### Exercise description:
All lines below must be repeated exactly, with the pictures omitted.

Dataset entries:
------

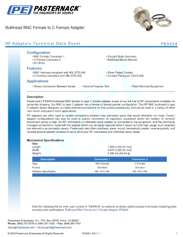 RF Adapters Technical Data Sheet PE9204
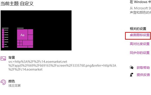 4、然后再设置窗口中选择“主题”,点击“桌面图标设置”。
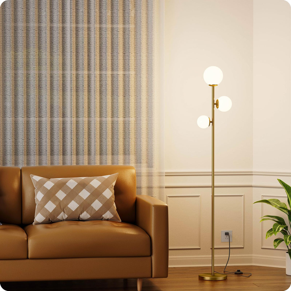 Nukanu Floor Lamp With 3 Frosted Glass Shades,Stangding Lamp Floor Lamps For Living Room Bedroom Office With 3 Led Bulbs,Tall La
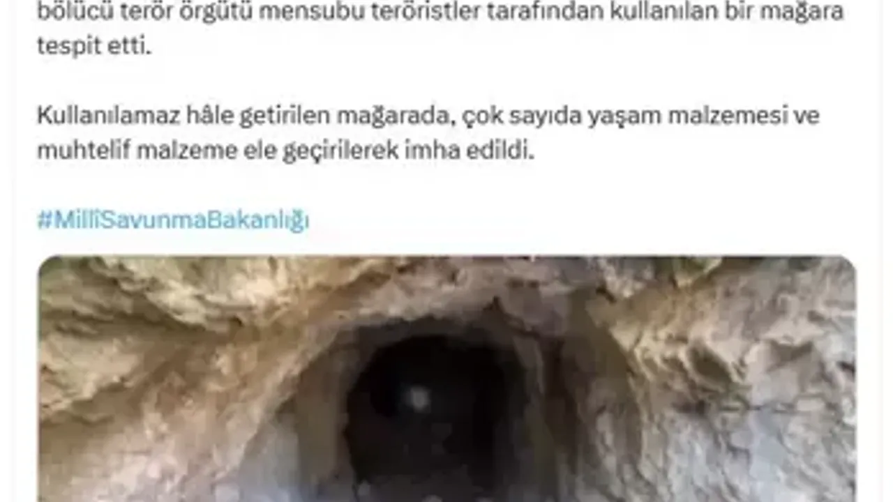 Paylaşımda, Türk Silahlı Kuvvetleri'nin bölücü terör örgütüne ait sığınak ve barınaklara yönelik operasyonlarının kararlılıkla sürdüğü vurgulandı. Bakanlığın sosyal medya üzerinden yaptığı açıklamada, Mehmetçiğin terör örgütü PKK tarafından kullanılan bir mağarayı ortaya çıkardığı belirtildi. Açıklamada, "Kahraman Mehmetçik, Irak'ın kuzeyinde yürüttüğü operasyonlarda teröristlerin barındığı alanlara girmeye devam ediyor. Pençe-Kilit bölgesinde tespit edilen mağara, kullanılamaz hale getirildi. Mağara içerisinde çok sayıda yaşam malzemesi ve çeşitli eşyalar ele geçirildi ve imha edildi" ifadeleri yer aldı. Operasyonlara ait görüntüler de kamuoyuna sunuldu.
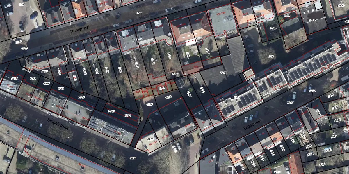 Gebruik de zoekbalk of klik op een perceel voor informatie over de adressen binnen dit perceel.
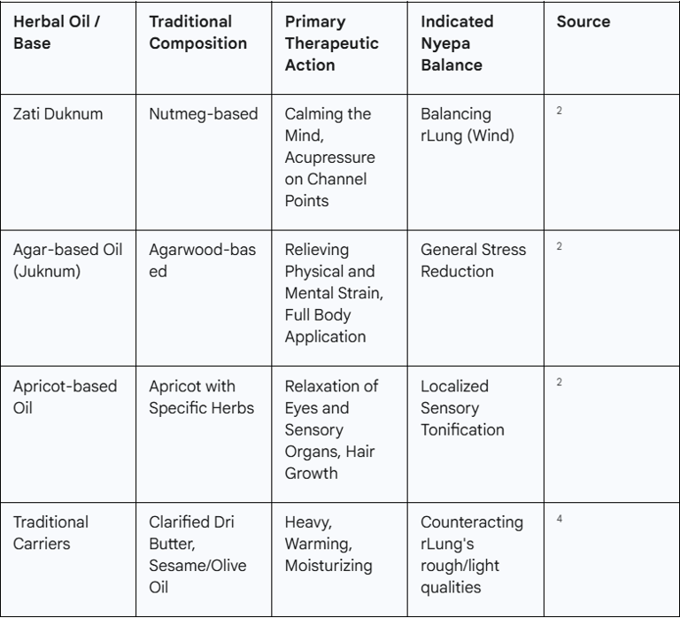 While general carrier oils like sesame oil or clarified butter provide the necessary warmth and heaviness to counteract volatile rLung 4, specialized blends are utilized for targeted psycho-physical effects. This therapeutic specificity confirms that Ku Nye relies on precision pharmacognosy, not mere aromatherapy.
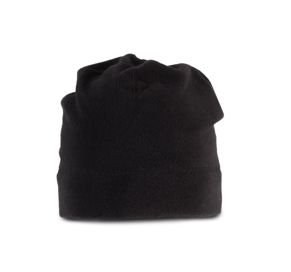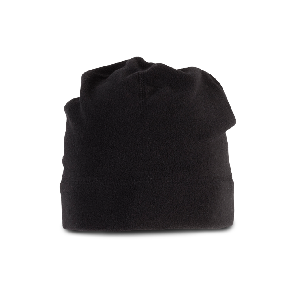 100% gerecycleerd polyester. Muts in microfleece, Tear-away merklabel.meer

------

### Exercise response:
 RF Adapters Technical Data Sheet PE9204
 4、然后再设置窗口中选择“主题”,点击“桌面图标设置”。
 Nukanu Floor Lamp With 3 Frosted Glass Shades,Stangding Lamp Floor Lamps For Living Room Bedroom Office With 3 Led Bulbs,Tall La
 Paylaşımda, Türk Silahlı Kuvvetleri'nin bölücü terör örgütüne ait sığınak ve barınaklara yönelik operasyonlarının kararlılıkla sürdüğü vurgulandı. Bakanlığın sosyal medya üzerinden yaptığı açıklamada, Mehmetçiğin terör örgütü PKK tarafından kullanılan bir mağarayı ortaya çıkardığı belirtildi. Açıklamada, "Kahraman Mehmetçik, Irak'ın kuzeyinde yürüttüğü operasyonlarda teröristlerin barındığı alanlara girmeye devam ediyor. Pençe-Kilit bölgesinde tespit edilen mağara, kullanılamaz hale getirildi. Mağara içerisinde çok sayıda yaşam malzemesi ve çeşitli eşyalar ele geçirildi ve imha edildi" ifadeleri yer aldı. Operasyonlara ait görüntüler de kamuoyuna sunuldu.
 Gebruik de zoekbalk of klik op een perceel voor informatie over de adressen binnen dit perceel.
 While general carrier oils like sesame oil or clarified butter provide the necessary warmth and heaviness to counteract volatile rLung 4, specialized blends are utilized for targeted psycho-physical effects. This therapeutic specificity confirms that Ku Nye relies on precision pharmacognosy, not mere aromatherapy.
 100% gerecycleerd polyester. Muts in microfleece, Tear-away merklabel.meer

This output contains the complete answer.